Offering Value in SalesIf you’ve heard of the law (or rule) of reciprocity, chances are it has struck you just how familiar this concept is, and should be, to every person. The rule of reciprocity is based on the notion that people feel the need to unburden themselves from a responsibility to repay a debt. Therefore, when in the sales arena, it should come as no surprise that this technique can be used highly effectively to pull a prospect toward committing to you instead of your competitors.

Have you ever had a friend, neighbour or family member arrive at your home unexpectedly with a gift… maybe at Christmas? Have you felt the guilt and panic when you realise that you have nothing to give them in return? You scuttle around your house looking for a bottle of wine, gift or something which hasn’t been opened just to give them something back, in return…

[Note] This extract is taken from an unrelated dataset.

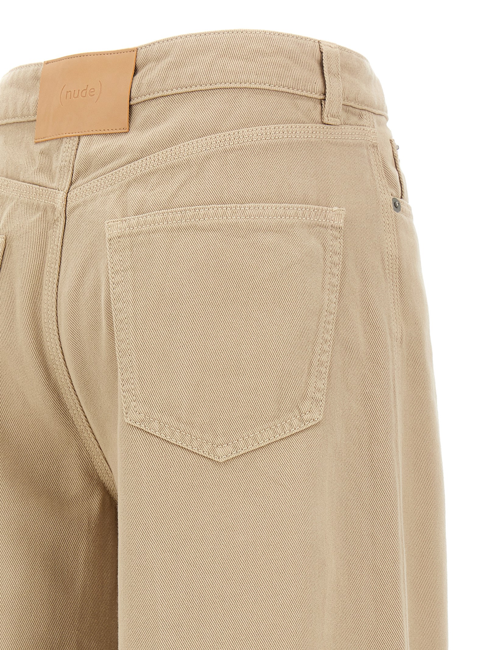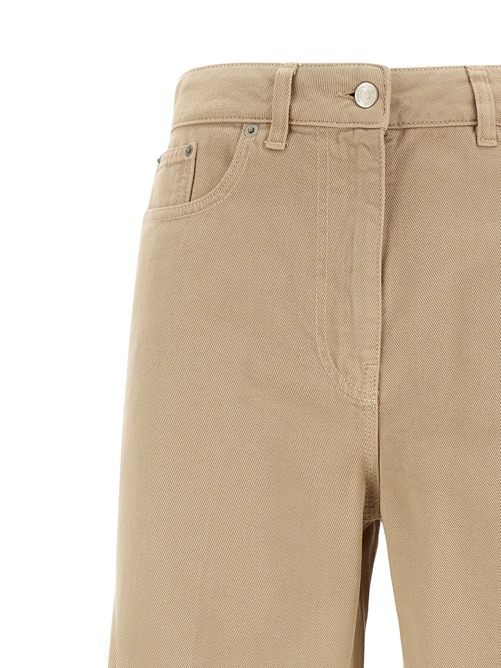 'Tilda' cotton drill trousers, loose and flared leg, medium waist, zip and front button closure, five pockets. Back logo tag.

Witness the full effect of the ‘rule of reciprocity’. People feel an irresistible urge to repay a debt, especially when that debt is a debt in kind.

So the question is:

how do you leverage this knowledge to your advantage in a sales setting?

Easy. Give away things of value to your prospects freely –

  • Gifts,
  • Bonuses,
  • Advice,
  • Help.

It doesn’t need to be related to your product or service either, which makes it even easier to do.

Your client might have a problem, any problem, and your willingness to help and solve this for them will prove decisive in their process of choosing a solutions provider, thereby selecting you over your competitors. My advice is to look out for these things popping up through your initial conversations with prospects. It’s the old “Going the extra mile” concept. When your prospect sees that you are a good person, willing to help and provide solutions simply because you want to help them, and when you do this in specific instances for them through (or alongside) your sales process, you will create in them an unflinching desire to “Repay the debt”.

When this happens, the burden they feel is powerful, so you need to outline just how they can achieve this repayment of the debt, thereby making it easy for themi.e. By requesting that they give you the business. When done at the right time, in tandem with an effective implementation of the rule of reciprocity, you will almost guarantee the sale, pretty much every time.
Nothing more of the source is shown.